(Exercise): Taking only the lines of the data below from the line with "お城とお花の繊細な刺繍入りの" to the line with "Sota el nom", ends included, write them out exactly and without pictures.

(Materials provided):
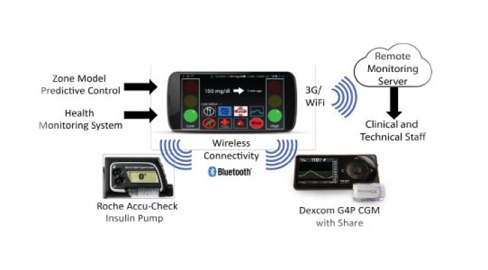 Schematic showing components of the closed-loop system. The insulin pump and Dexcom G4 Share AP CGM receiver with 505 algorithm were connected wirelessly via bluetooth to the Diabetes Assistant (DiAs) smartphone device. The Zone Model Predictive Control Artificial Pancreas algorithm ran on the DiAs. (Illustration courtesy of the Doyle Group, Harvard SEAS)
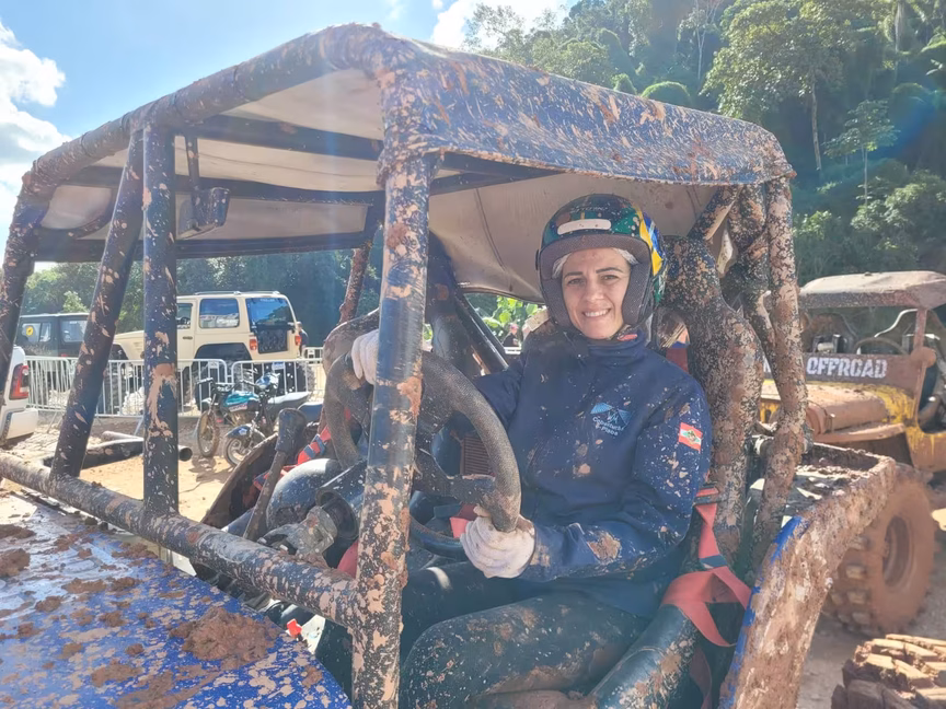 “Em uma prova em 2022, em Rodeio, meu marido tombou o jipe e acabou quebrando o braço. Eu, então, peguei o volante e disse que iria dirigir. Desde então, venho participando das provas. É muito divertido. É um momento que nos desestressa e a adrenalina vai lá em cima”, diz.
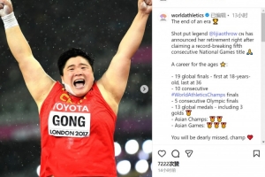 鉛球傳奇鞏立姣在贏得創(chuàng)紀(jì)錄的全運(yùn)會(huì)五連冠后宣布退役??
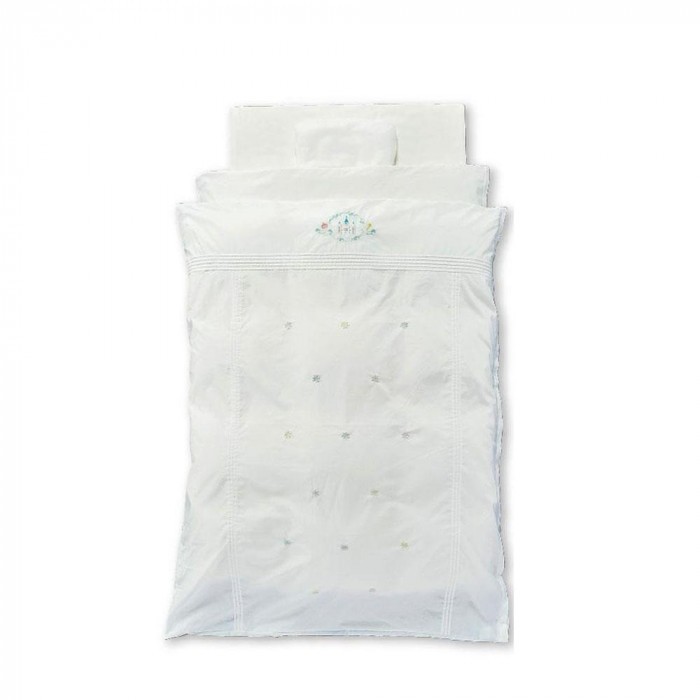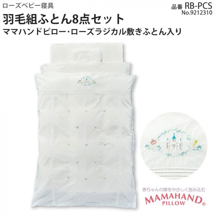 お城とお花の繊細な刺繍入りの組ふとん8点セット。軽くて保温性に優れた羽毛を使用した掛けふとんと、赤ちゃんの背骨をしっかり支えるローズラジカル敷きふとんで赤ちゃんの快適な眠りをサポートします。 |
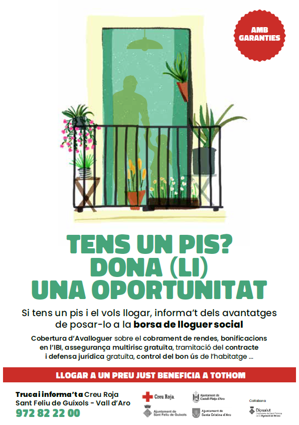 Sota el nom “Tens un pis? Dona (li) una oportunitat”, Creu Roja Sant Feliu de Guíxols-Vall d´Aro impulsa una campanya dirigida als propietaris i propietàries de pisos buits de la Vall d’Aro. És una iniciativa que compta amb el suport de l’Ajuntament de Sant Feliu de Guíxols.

* * *

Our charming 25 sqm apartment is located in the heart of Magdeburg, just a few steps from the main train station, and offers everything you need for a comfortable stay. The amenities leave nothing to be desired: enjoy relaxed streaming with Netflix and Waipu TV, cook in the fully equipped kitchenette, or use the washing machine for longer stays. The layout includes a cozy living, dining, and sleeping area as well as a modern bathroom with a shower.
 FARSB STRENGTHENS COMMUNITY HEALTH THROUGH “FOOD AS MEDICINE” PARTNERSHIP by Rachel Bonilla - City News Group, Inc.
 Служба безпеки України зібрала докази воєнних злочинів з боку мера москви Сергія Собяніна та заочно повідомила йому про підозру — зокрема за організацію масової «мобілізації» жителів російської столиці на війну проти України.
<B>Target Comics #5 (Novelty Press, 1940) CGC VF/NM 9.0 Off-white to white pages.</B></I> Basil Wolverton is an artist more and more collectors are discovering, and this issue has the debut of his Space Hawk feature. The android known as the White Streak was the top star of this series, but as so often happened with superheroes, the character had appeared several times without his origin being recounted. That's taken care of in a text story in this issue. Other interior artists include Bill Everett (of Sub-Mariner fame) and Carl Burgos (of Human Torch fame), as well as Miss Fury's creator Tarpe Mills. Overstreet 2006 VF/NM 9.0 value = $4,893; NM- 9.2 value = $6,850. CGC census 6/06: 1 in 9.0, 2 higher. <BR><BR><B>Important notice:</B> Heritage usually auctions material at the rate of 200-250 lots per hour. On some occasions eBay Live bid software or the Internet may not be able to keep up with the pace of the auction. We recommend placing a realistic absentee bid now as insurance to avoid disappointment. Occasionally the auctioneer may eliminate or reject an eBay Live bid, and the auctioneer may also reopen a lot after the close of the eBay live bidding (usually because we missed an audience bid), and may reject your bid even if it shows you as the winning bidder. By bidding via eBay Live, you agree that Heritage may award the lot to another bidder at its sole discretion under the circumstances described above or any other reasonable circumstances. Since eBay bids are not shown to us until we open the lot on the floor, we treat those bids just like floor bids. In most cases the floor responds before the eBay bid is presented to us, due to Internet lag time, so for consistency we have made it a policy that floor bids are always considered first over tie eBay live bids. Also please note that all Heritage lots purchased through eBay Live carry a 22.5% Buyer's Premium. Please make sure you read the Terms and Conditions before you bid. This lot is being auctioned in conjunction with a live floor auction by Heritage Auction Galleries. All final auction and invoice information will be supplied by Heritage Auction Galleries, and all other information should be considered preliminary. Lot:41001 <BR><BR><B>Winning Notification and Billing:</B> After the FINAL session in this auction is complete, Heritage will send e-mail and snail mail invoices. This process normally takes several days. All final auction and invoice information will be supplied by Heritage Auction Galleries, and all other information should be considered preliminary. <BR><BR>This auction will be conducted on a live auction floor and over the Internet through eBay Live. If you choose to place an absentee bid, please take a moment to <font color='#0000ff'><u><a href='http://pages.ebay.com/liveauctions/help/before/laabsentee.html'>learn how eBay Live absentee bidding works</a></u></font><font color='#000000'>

(Output of the exercise):
 お城とお花の繊細な刺繍入りの組ふとん8点セット。軽くて保温性に優れた羽毛を使用した掛けふとんと、赤ちゃんの背骨をしっかり支えるローズラジカル敷きふとんで赤ちゃんの快適な眠りをサポートします。 |
 Sota el nom “Tens un pis? Dona (li) una oportunitat”, Creu Roja Sant Feliu de Guíxols-Vall d´Aro impulsa una campanya dirigida als propietaris i propietàries de pisos buits de la Vall d’Aro. És una iniciativa que compta amb el suport de l’Ajuntament de Sant Feliu de Guíxols.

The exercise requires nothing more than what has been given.